In the Wall Street Journal, Heidi Waleson admired the cast and the production alike. "No surprise that Mr. Mizrahi's costumes were enchanting; he also brought a light touch to the directing, never pushing the comedy into slapstick or the romance into bathos. It was all charming and very effective."

Cantrell found that Mizrahi's fairies-meet-Ingmar Bergman production "actually all worked, endearingly, abetted by a fine cast performing in the compact Loretto-Hilton Center at Webster University. I was told there was subtle amplification, but it was imperceptible. And in no Broadway theater would you hear an orchestra playing as beautifully as members of the St. Louis Symphony did under the devoted guidance of OTSL music director Stephen Lord."

'Eugene Onegin'

"Strong casting and a simple, elegant production," wrote Waleson in the Journal. "Soprano Dina Kuznetzova brought a beautifully dark lyric quality and dramatic intensity to Tatiana, though her Letter Scene was one-dimensional. Tenor Sean Panikkar's clarion, explosive tenor ignited the show. He brought an anger to Lensky, showing the violent flip side of a passionate nature, and made Christopher Magiera's chilly, correct Onegin seem even more repellent."

John von Rhein of the Chicago Tribune noted the "minimalist" nature of the production, said good things about most of the cast and enthused about the tenor: "The most thunderous ovation fell, deservedly so, on Sean Pannikar, whose mellifluous, plaintive tenor made a showstopper of Lensky's despairing aria; this young man is one to watch."

'The Marriage of Figaro'

Von Rhein noted the presence of several alumni of Lyric Opera of Chicago's Ryan Opera Center, but he wasn't that impressed with anyone except baritone Edward Parks, the excellent Count Almaviva. He heard the conductor for the last three performances, Gregory Ritchie: he "paced the score fluidly, but coordination between the stage and pit was sometimes lax."

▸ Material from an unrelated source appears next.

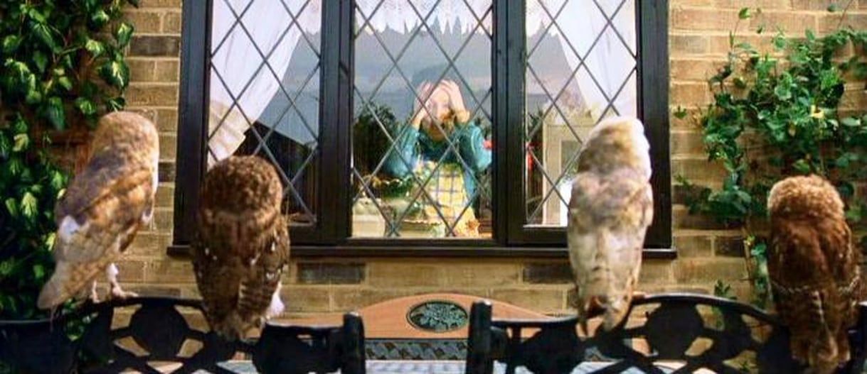 Während der Dreharbeiten schauten die Eulen jedoch ständig in die Kamera hinter ihnen. Um die Eulen abzulenken, beschloss ein findiger Assistent, eine tote Maus an Tante Petunias Schürze zu befestigen. Denn egal, wie fesselnd Tante Petunias Auftritt auch war, nichts fesselt eine Eule so sehr wie eine tote Maus.

Loomis, this time writing for the website Classical Review, thought the production had bumpy moments, and while he liked the women, he was hard on the male characters: "As the page, Jamie Van Eyck's rather wiry voice lacks the right youthful bloom for the part, and her unflattering costume resembles pajamas. Edward Parks sings respectably as the Count, but his performance needs more dramatic focus. Christopher Feigum's voice is too light for Figaro, but he proves an engaging performer and makes words tell."